Illustration by Leo Walton
Collapsing in a post-sex haze of happy hormones, cuddles and (let’s face it) probably a sweaty mess, is supposed to be a moment to savour, to relish in. Privately. What is not supposed to happen is hearing Lonely Island’s ‘I Just Had Sex’ playing loudly through your door accompanied by footsteps thumping on the stairs and a fair amount of giggling. Moment ruined. Thanks ‘friends.’
I’ve been flatting for about five years now with a variety of housemates and their colourful sex lives. Some you get to learn about more than others - perhaps more than you ever wanted to. With this plethora of experience in mind, I feel qualified to offer you my advice to dealing with sex in a shared living situation.

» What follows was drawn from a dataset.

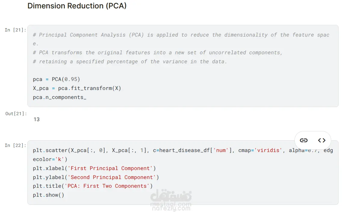 اصبح الامر اسهل علي الاطباء ووفر كثير من الوقت مع توقع مخاطر أمراض القلب باستخدام تعلم الآلة تفاصيل المشروع: حولت البيانات الطبية المعقدة إلى أداة تنبؤ دقيقة تساعد في التشخيص المبكر لأمراض القلب. يهدف المشروع إلى تقديم حل تقني يقلل من مخاطر التأخر في اكتشاف الحالات الحرجة عبر تحليل المؤشرات الحيوية بدقة عالية. المهام المنفذة: - معالجة وتطهير البيانات الطبية الخام لضمان جودة المدخلات البرمجية. - إجراء هندسة الميزات (Feature Engineering) لتعزيز قدرة النموذج على التوقع. - استخدام تقنية PCA لتقليل أبعاد البيانات وتحسين كفاءة المعالجة. - تدريب ومقارنة عدة خوارزميات مثل SVM و Random Forest و Logistic Regression. - تطوير وتحسين نموذج XGBoost للوصول إلى أفضل أداء ممكن. - بناء واجهة مستخدم تفاعلية باستخدام Streamlit تتيح إدخال 13 معيارًا طبيًا والحصول على نتائج فورية. الأدوات والتقنيات: - لغة البرمجة Python. - مكتبات Scikit-Learn و Pandas و NumPy. - خوارزمية XGBoost المتقدمة. - إطار عمل Streamlit لتطوير تطبيقات الويب. النتائج المحققة: - حقق النموذج دقة إجمالية بنسبة 86.6% في التنبؤ بالحالات. - وصلت نسبة الاستدعاء (Recall) إلى 94.8% مما يضمن دقة عالية في اكتشاف الإصابات الفعلية. - بلغت قيمة F1-Score حوالي 89.6% مما يعكس توازنًا ممتازًا بين الدقة والحساسية. - إطلاق تطبيق ويب حي يسهل استخدامه من قبل غير المتخصصين في التقنية.

When you want to ignore it:
Creaking beds, grunting, moaning, a weird kind of wet slapping – dear god make it stop. I’m sure most of us are well versed in burying our heads in the pillow like prudish ostriches. Surely there are better ways to avoid hearing just how much fun your flatmates are having. Especially when you’re not.
Basic – Headphones are your friend. Listen to music, podcasts, stick on a movie or have a very loud phone conversation to both distract yourself and drown out the amorous ruckus next door.
Basic – Just leave the house. Easier in the day, much harder in the middle of the night in your pjs.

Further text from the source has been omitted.